■ WORK TASK ■
No pictures should be carried over. Output all other parts of the entries verbatim.

○ ○ ○ ○ ○

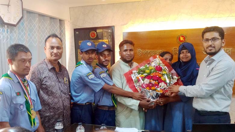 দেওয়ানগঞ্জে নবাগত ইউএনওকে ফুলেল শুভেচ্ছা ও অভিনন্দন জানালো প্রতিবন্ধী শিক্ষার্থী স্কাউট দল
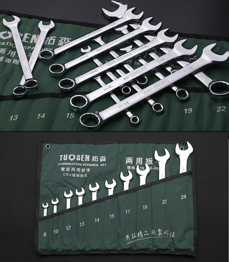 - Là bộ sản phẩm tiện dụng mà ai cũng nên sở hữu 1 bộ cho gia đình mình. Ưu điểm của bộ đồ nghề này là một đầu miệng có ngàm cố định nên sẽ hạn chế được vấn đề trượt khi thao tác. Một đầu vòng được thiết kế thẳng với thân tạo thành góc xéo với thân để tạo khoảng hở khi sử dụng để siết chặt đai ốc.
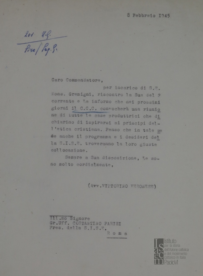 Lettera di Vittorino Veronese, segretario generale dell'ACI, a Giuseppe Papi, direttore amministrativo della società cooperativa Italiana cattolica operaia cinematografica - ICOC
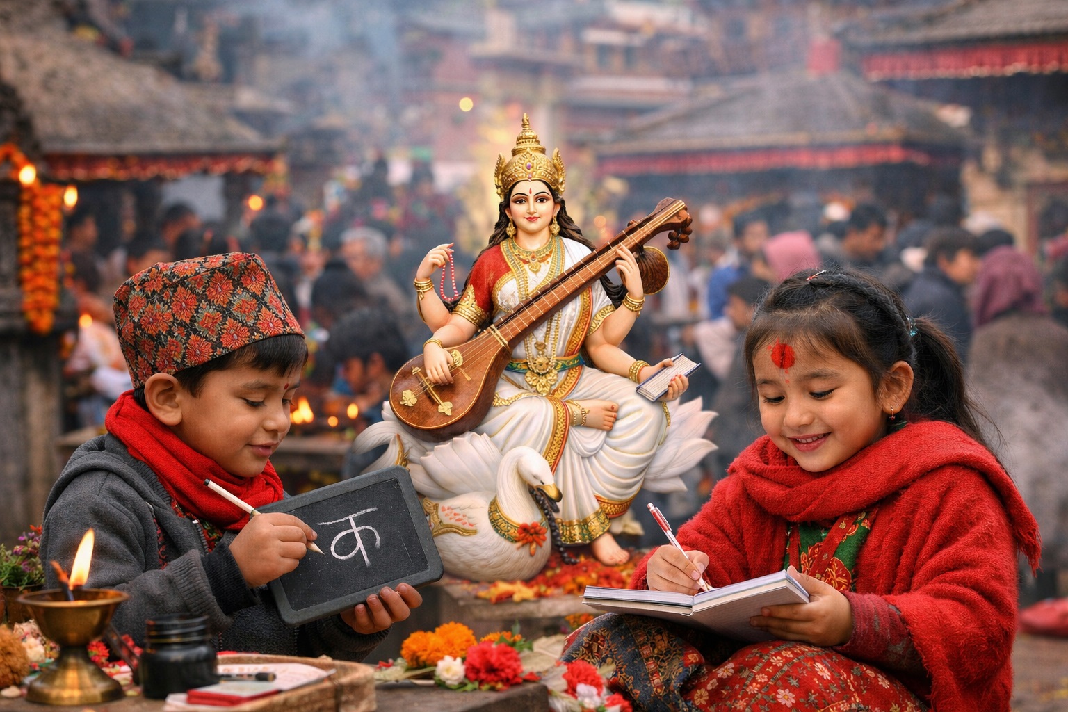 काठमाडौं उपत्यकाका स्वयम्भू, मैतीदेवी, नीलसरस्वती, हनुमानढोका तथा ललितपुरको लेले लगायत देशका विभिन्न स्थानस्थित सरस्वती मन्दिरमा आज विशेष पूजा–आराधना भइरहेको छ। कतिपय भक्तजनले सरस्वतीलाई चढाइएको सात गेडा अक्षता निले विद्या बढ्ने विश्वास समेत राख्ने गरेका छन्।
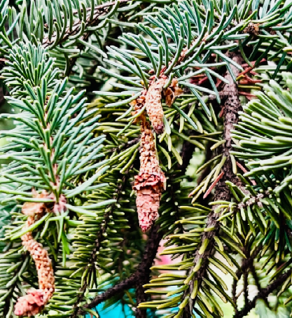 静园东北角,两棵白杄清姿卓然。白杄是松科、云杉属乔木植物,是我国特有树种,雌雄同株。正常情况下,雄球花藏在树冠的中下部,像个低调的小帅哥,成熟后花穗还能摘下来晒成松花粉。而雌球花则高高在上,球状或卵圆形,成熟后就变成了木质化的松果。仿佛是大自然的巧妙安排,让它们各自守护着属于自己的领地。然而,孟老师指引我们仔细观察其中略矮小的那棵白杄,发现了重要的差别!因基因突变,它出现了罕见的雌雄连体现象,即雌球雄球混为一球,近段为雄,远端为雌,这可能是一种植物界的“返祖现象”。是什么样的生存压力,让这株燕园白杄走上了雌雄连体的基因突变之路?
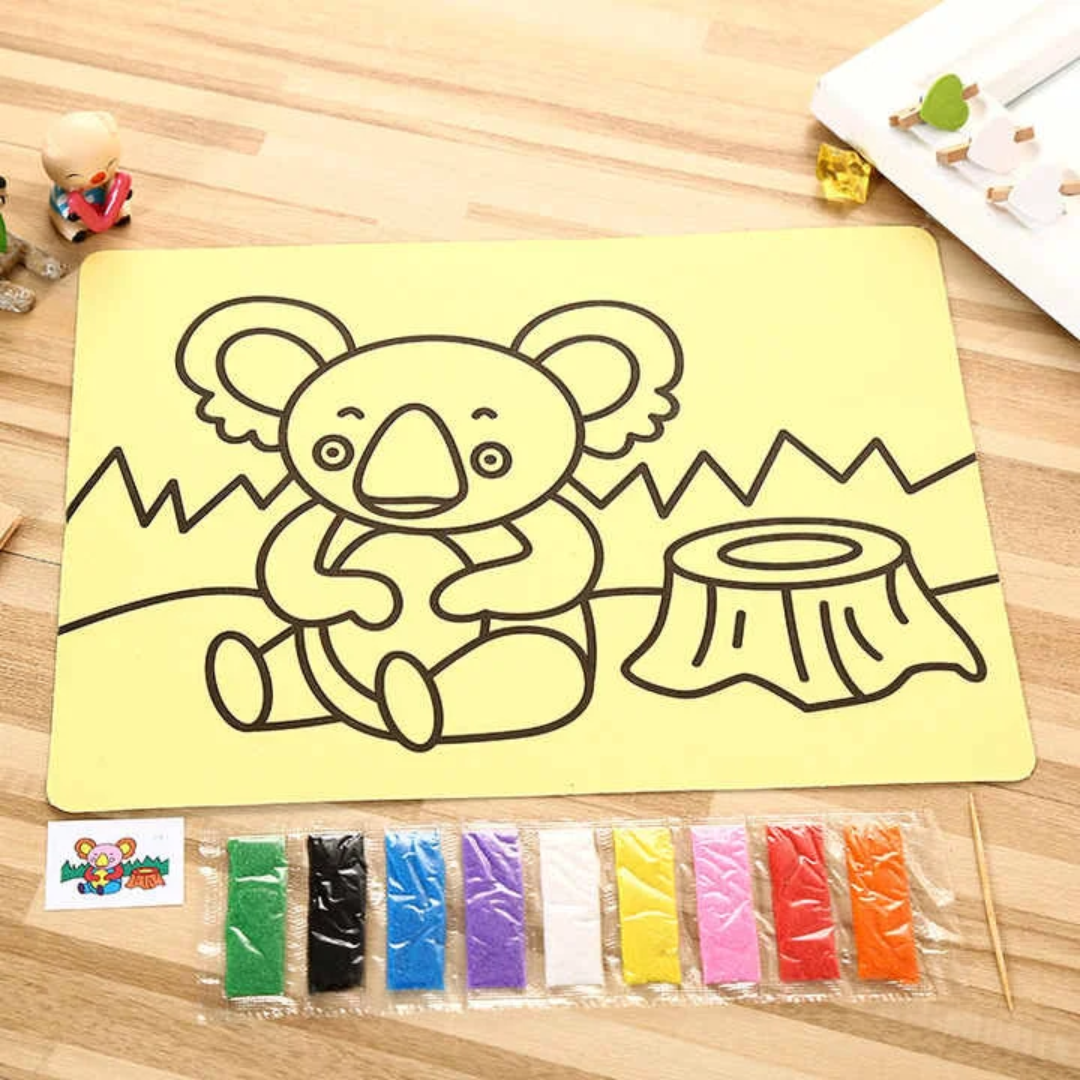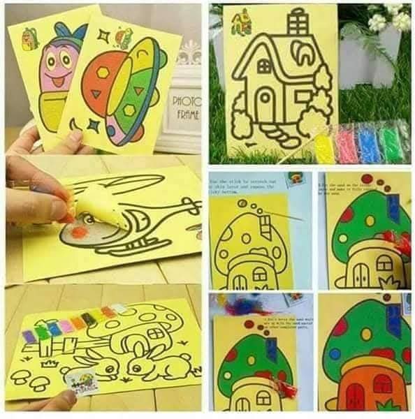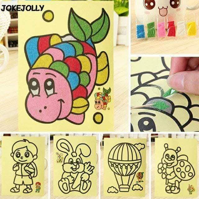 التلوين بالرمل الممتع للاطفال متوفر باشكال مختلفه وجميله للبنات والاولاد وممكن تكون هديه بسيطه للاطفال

○ ○ ○ ○ ○

■ COMPLETED TASK ■
 দেওয়ানগঞ্জে নবাগত ইউএনওকে ফুলেল শুভেচ্ছা ও অভিনন্দন জানালো প্রতিবন্ধী শিক্ষার্থী স্কাউট দল
 - Là bộ sản phẩm tiện dụng mà ai cũng nên sở hữu 1 bộ cho gia đình mình. Ưu điểm của bộ đồ nghề này là một đầu miệng có ngàm cố định nên sẽ hạn chế được vấn đề trượt khi thao tác. Một đầu vòng được thiết kế thẳng với thân tạo thành góc xéo với thân để tạo khoảng hở khi sử dụng để siết chặt đai ốc.
 Lettera di Vittorino Veronese, segretario generale dell'ACI, a Giuseppe Papi, direttore amministrativo della società cooperativa Italiana cattolica operaia cinematografica - ICOC
 काठमाडौं उपत्यकाका स्वयम्भू, मैतीदेवी, नीलसरस्वती, हनुमानढोका तथा ललितपुरको लेले लगायत देशका विभिन्न स्थानस्थित सरस्वती मन्दिरमा आज विशेष पूजा–आराधना भइरहेको छ। कतिपय भक्तजनले सरस्वतीलाई चढाइएको सात गेडा अक्षता निले विद्या बढ्ने विश्वास समेत राख्ने गरेका छन्।
 静园东北角,两棵白杄清姿卓然。白杄是松科、云杉属乔木植物,是我国特有树种,雌雄同株。正常情况下,雄球花藏在树冠的中下部,像个低调的小帅哥,成熟后花穗还能摘下来晒成松花粉。而雌球花则高高在上,球状或卵圆形,成熟后就变成了木质化的松果。仿佛是大自然的巧妙安排,让它们各自守护着属于自己的领地。然而,孟老师指引我们仔细观察其中略矮小的那棵白杄,发现了重要的差别!因基因突变,它出现了罕见的雌雄连体现象,即雌球雄球混为一球,近段为雄,远端为雌,这可能是一种植物界的“返祖现象”。是什么样的生存压力,让这株燕园白杄走上了雌雄连体的基因突变之路?
 التلوين بالرمل الممتع للاطفال متوفر باشكال مختلفه وجميله للبنات والاولاد وممكن تكون هديه بسيطه للاطفال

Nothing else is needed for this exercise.